Capacity: Cryptographically-Enforced In-Process Capabilities for Modern ARM Architectures (Extended Version)

TL;DR

Capacity introduces a hardware-assisted, capability-based in-process access control scheme for ARM architectures, leveraging features like Pointer Authentication and Memory Tagging Extension to enhance security with minimal performance overhead.

Contribution

The paper presents Capacity, a novel approach that retrofits ARM hardware features to implement cryptographically-enforced in-process capabilities, filling a gap left by x86-specific features.

Findings

Capacity achieves low overhead (~17%) in web server benchmarks.

It effectively isolates sensitive resources within in-process domains.

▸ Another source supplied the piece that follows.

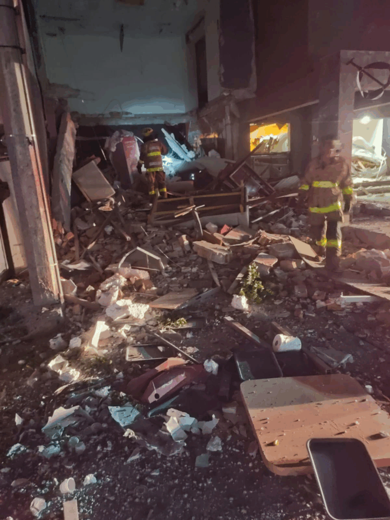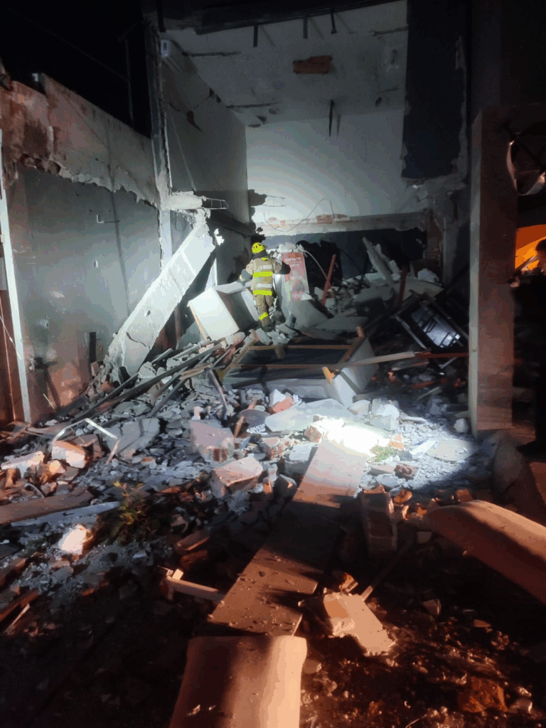 Al llegar, encontraron dos locales de venta de alimentos seriamente dañados, uno de ellos completamente colapsado.

The scheme enhances security by cryptographically authenticating references.

Abstract

In-process compartmentalization and access control have been actively explored to provide in-place and efficient isolation of in-process security domains. Many works have proposed compartmentalization schemes that leverage hardware features, most notably using the new page-based memory isolation feature called Protection Keys for Userspace (PKU) on x86. Unfortunately, the modern ARM architecture does not have an equivalent feature. Instead, newer ARM architectures introduced Pointer Authentication (PA) and Memory Tagging Extension (MTE), adapting the reference validation model for memory safety and runtime exploit mitigation. We argue that those features have been underexplored in the context of compartmentalization and that they can be retrofitted to implement a capability-based in-process access control scheme. This paper presents Capacity, a novel hardware-assisted intra-process access control design that embraces capability-based security principles. Capacity coherently incorporates the new hardware security features on ARM that already exhibit inherent characteristics of capability. It supports the life-cycle protection of the domain's sensitive objects -- starting from their import from the file system to their place in memory. With intra-process domains authenticated with unique PA keys, Capacity transforms file descriptors and memory pointers into cryptographically-authenticated references and completely mediates reference usage with its program instrumentation framework and an efficient system call monitor. We evaluate our Capacity-enabled NGINX web server prototype and other common applications in which sensitive resources are isolated into different domains. Our evaluation shows that Capacity incurs a low-performance overhead of approximately 17% for the single-threaded and 13.54% for the multi-threaded webserver.